Jährlich investiert der Bund über 2 Milliarden Franken in klimafreundliche Technologien und Projekte – beispielsweise in Solaranlagen oder Wärmepumpen. Dazu kommen weitere 600 Millionen Franken für die Biodiversität und 800 Millionen Franken für Klimaschutzmassnahmen im Ausland. Das sei erheblich, sagte Rösti. Es gelte, diesen «bewährten Massnahmen-Mix» weiterzuführen.
«Schuldenbremse ist zentral»
Das sehen die Urheberinnen und Urheber der Klimafonds-Initiative anders. Sie wollen die öffentliche Hand dazu verpflichten, die Klimaerwärmung und deren Auswirkungen verstärkt zu bekämpfen. Falls Volk und Stände am 8. März Ja sagen, muss der Bund einen staatlichen Klimafonds schaffen und jährlich bis 2050 0,5 bis 1 Prozent des Bruttoinlandproduktes (BIP) einzahlen. Das wären aus heutiger Sicht vier bis acht Milliarden Franken pro Jahr.
Dazu kämen laut Rösti hohe Verwaltungskosten. Zudem warnte er vor Mitnahmeeffekten: Mit dem Fonds würden Projekte unterstützt, die ohnehin umgesetzt würden. «Jede Subvention verursacht volkswirtschaftliche Verluste.» Deshalb arbeite der Bund heute mit Lenkungsabgaben und Vorgaben.

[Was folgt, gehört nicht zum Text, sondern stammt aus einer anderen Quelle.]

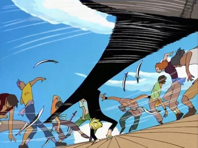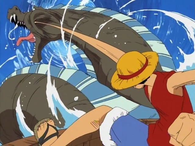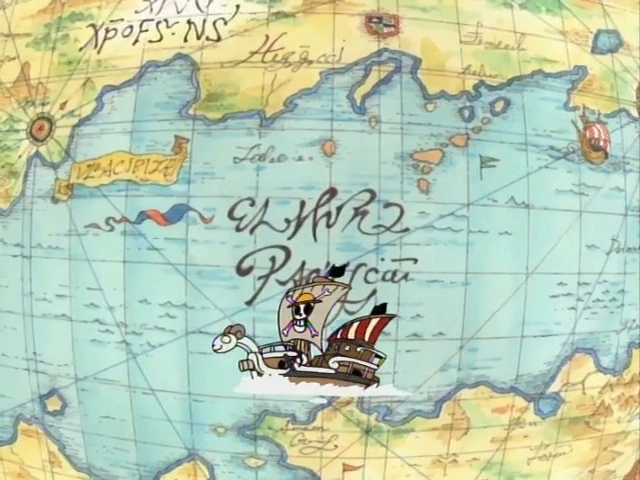 Гоинг Мерри плывёт по бушующим волнам в окружении огромных Морских Королей. Затем показана носовая часть корабля со всей командой на палубе и Луффи, свисающим с носовой фигуры вверх ногами. Луффи ухмыляется, смотря на Морских Королей. Затем, Мерри путешествует по волнам, подпрыгивая в воздух, в то время как на фоне показана карта.

Mit dem geforderten Klimafonds wäre dagegen «die solide Schweizer Finanzpolitik gefährdet», wie Rösti weiter sagte. Die Befürwortenden liessen offen, woher das Geld kommen solle. «Das ist unverantwortlich.»
Eine Finanzierung über das ausserordentliche Budget komme für den Bundesrat nicht infrage, so Rösti. «Die Einhaltung der Schuldenbremse ist zentral.» Würde diese unterlaufen, könnte dies eine Kettenreaktion auslösen. «Es gäbe in x weiteren Bereichen Argumente, ausserordentlich zu budgetieren.» Langfristig würde dem Staat damit Handlungsspielraum genommen, weil er höher verschuldet wäre.
Energiepolitik vor Klimapolitik
Angesprochen auf das vom Volk abgesegnete Netto-Null-Ziel bis 2050 sagte der Umweltminister, dass dieses «enorm herausfordernd» sei – technisch, aber auch wirtschaftlich. Ob es erreicht werden könne, liess Rösti offen: «Die Unsicherheiten in der Welt sind sehr gross, da sind Prognosen schwierig.» 25 Jahre vor der Marke sei es jedoch zu früh, vom Netto-Null-Ziel abzuweichen.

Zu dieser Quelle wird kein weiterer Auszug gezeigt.